Rote Karte für Baumgärtners Medi-Verbund

P R E S S E S C H A U

Stuttgarter Zeitung 08.09.1999

Ärztestreit spitzt sich zu

Baumgärtner greift Schorre an

Die Kassenärzte streiten wieder heftig über ihre Haltung zum Arzneimittelbudget. Und die Gerüchte verdichten sich, dass Werner Baumgärtner, Vorsitzender der Kassenärztlichen Vereinigung (KV) Nord-Württemberg, Bundesvorsitzender werden will.

Von Silke Schieber

Er will nicht darüber diskutieren, ob er die Nachfolge des Bundesvorsitzenden Winfried Schorre antreten möchte, sagt Werner Baumgärtner. Jetzt noch nicht. ¸¸Im Augenblick führen wir eine Sachdiskussion und noch keine Personaldiskussion,'' erklärt er. Das kann sich aber schon morgen ändern.
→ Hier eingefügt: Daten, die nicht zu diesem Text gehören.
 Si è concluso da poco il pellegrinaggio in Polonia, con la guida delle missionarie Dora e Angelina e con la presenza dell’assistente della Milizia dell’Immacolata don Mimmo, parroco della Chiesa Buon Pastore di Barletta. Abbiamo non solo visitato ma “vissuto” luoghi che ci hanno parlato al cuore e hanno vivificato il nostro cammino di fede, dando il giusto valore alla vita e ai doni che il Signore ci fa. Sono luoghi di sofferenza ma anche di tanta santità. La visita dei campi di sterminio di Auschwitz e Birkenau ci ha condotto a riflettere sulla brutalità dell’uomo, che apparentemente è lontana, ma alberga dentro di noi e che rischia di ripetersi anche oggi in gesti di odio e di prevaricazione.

Da tagt der Länderausschuss der Kassenärztlichen Bundesvereinigung in Berlin und die Ärztevertreter könnten ihren Bundesvorsitzenden kippen. Dies erscheint nahe liegend, zumal Schorre in den vergangenen Wochen stark in die Kritik geraten ist und einige Kassenärztliche Vereinigungen die außerordentliche Versammlung aus diesem Grund einberufen haben. Erbost sind viele Ärzte vor allem über Schorres schriftliche Zusage gegenüber Bundesgesundheitsministerin Andrea Fischer, dass die Ärzte nicht um die Erhöhung des Budgets für Medikamente verhandeln würden, wenn dieses Ende des Jahres überschritten werde.
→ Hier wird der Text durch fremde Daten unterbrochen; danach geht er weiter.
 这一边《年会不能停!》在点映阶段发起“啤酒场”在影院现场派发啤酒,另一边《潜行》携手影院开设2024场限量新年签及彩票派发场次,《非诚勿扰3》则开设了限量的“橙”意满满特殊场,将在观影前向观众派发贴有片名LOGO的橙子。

Schorre habe der Ministerin damit einen ¸¸Persilschein für das Budget'' erteilt, kritisiert Werner Baumgärtner: ¸¸Das ist ein Alleingang, für den er keine Legitimation hatte.'' Das Sozialgesetzbuch V sehe vor, dass die Ärzte nachverhandeln dürften. Diesen Weg habe Schorre ¸¸politisch verbaut''. ¸¸Die KV Nord-Württemberg wird das nicht akzeptieren'', sagt Baumgärtner. Er hält es deswegen ¸¸für notwendig, dass Schorre zurücktritt''.

Sollte Schorre gekippt werden, fände eine Neuwahl frühestens im Oktober statt. Dazu sagt Baumgärtner, Chef der 5500 Kassenärzte in der Region: ¸¸Wenn ich gefragt werde, kandidiere ich für den Bundesvorsitz und wenn ich gewählt werde, werde ich das Amt annehmen.'' Ob er sich damit einen Gefallen tue, beurteilt der 48jährige Allgemeinmediziner aus Zuffenhausen allerdings selbst etwas skeptisch. Denn als nachgewähltem Bundesvorsitzenden bliebe ihm nur noch ein Jahr Amtszeit bis zu den nächsten Wahlen. Das ist wenig Zeit, um sich zu profilieren. Und Mehrheiten wechseln derzeit bei Ärztevertretern offenbar schnell, denn die Stimmung unter den Medizinern ist aufs Äußerste gespannt.